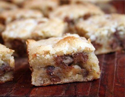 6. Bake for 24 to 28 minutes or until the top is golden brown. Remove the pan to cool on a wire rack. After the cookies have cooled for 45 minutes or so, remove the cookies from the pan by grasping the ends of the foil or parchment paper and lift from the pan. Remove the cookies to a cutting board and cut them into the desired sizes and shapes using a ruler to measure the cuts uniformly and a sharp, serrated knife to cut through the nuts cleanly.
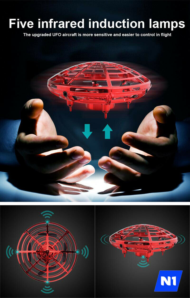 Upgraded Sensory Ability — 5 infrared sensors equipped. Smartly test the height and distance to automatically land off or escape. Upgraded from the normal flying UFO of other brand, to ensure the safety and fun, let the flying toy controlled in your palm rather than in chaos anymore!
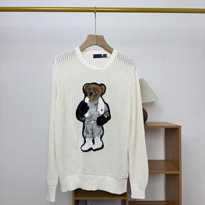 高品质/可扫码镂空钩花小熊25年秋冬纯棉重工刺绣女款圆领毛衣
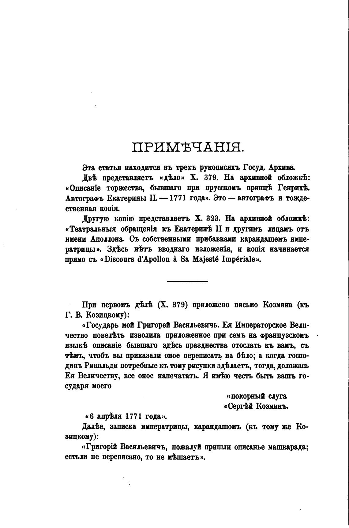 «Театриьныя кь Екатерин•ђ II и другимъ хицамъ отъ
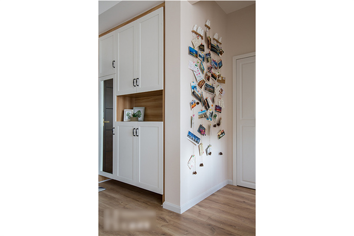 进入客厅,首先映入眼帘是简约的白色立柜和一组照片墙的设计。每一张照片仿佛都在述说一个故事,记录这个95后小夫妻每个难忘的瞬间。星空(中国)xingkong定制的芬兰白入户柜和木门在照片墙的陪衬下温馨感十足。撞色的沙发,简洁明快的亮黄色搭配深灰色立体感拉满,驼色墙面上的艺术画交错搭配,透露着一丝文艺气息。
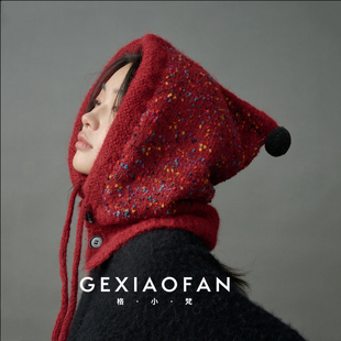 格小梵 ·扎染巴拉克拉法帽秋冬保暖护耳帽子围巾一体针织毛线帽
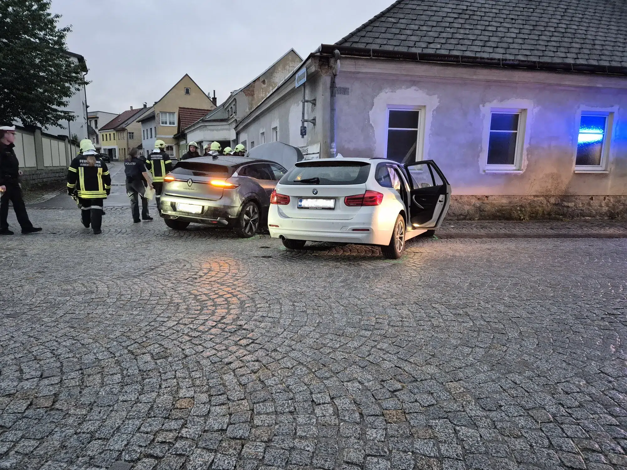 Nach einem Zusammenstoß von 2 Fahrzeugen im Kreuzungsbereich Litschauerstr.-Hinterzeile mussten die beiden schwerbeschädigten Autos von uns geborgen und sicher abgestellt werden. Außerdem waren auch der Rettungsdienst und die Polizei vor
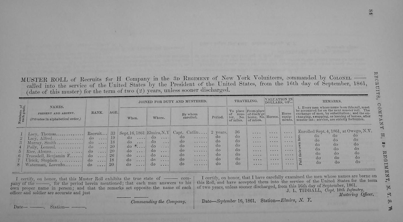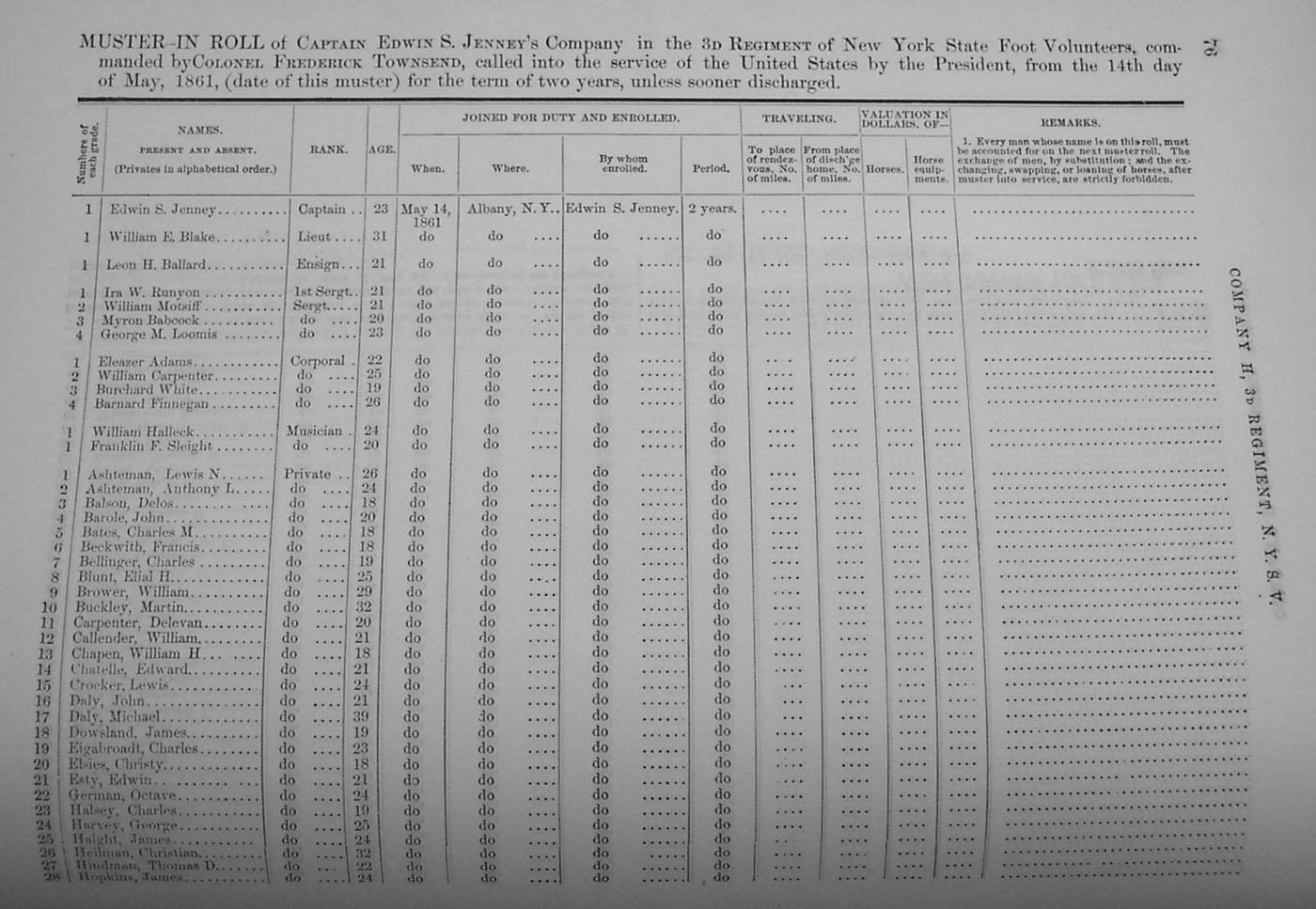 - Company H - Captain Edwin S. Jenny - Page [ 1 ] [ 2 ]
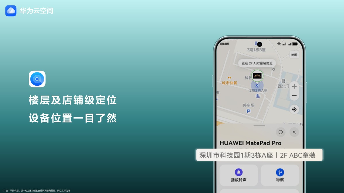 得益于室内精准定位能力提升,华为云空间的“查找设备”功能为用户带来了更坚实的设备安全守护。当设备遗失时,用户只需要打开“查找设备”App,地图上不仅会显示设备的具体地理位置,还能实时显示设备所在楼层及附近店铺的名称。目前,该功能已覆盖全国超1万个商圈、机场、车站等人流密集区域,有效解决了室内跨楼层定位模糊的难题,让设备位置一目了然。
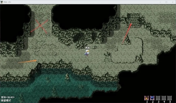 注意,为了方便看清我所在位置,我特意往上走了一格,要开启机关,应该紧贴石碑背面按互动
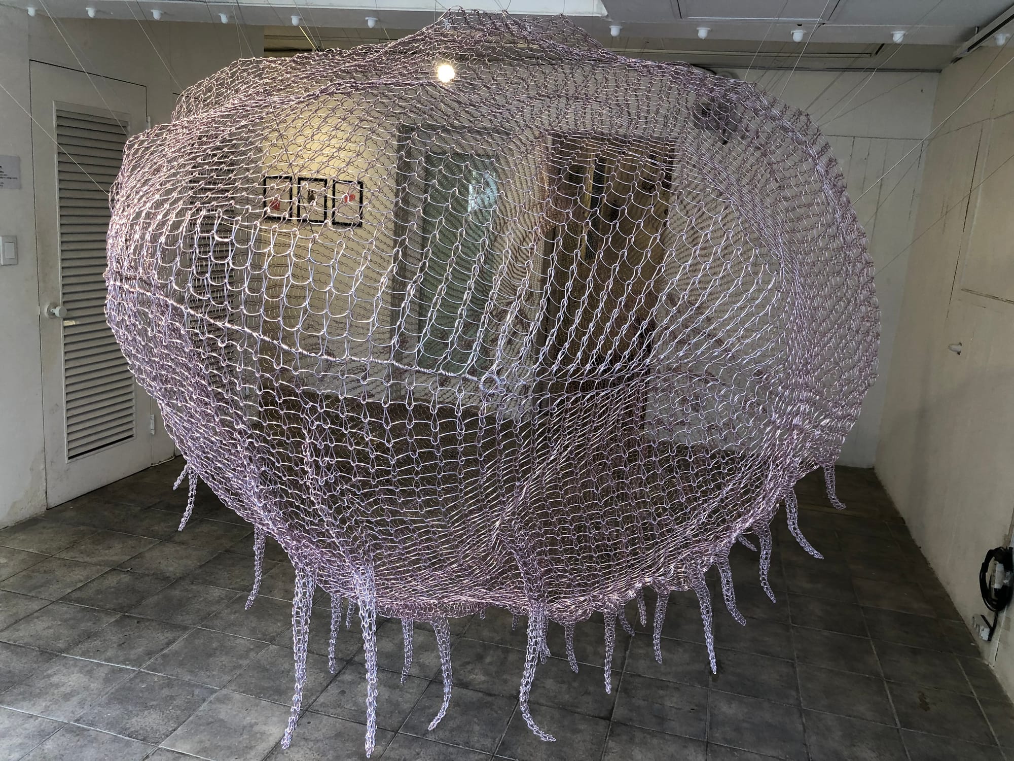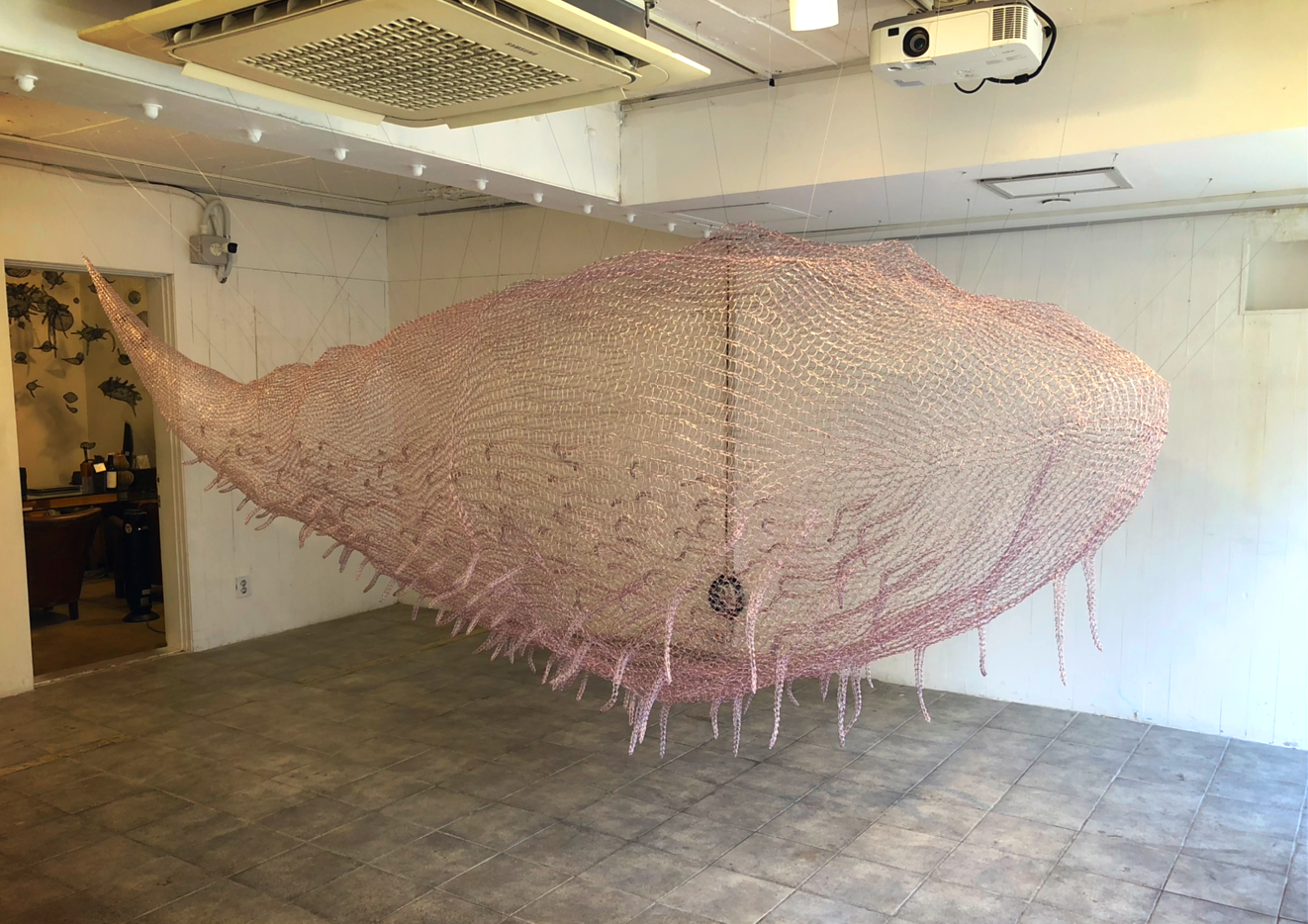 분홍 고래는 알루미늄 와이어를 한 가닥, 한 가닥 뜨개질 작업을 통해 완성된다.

◇ ◇ ◇ ◇ ◇ ◇ ◇

_What needs to be done_
Beginning at the line containing "- Company H", restate every line through the end of the material above exactly; omit the pictures.

_Answer box_
 - Company H - Captain Edwin S. Jenny - Page [ 1 ] [ 2 ]
 得益于室内精准定位能力提升,华为云空间的“查找设备”功能为用户带来了更坚实的设备安全守护。当设备遗失时,用户只需要打开“查找设备”App,地图上不仅会显示设备的具体地理位置,还能实时显示设备所在楼层及附近店铺的名称。目前,该功能已覆盖全国超1万个商圈、机场、车站等人流密集区域,有效解决了室内跨楼层定位模糊的难题,让设备位置一目了然。
 注意,为了方便看清我所在位置,我特意往上走了一格,要开启机关,应该紧贴石碑背面按互动
 분홍 고래는 알루미늄 와이어를 한 가닥, 한 가닥 뜨개질 작업을 통해 완성된다.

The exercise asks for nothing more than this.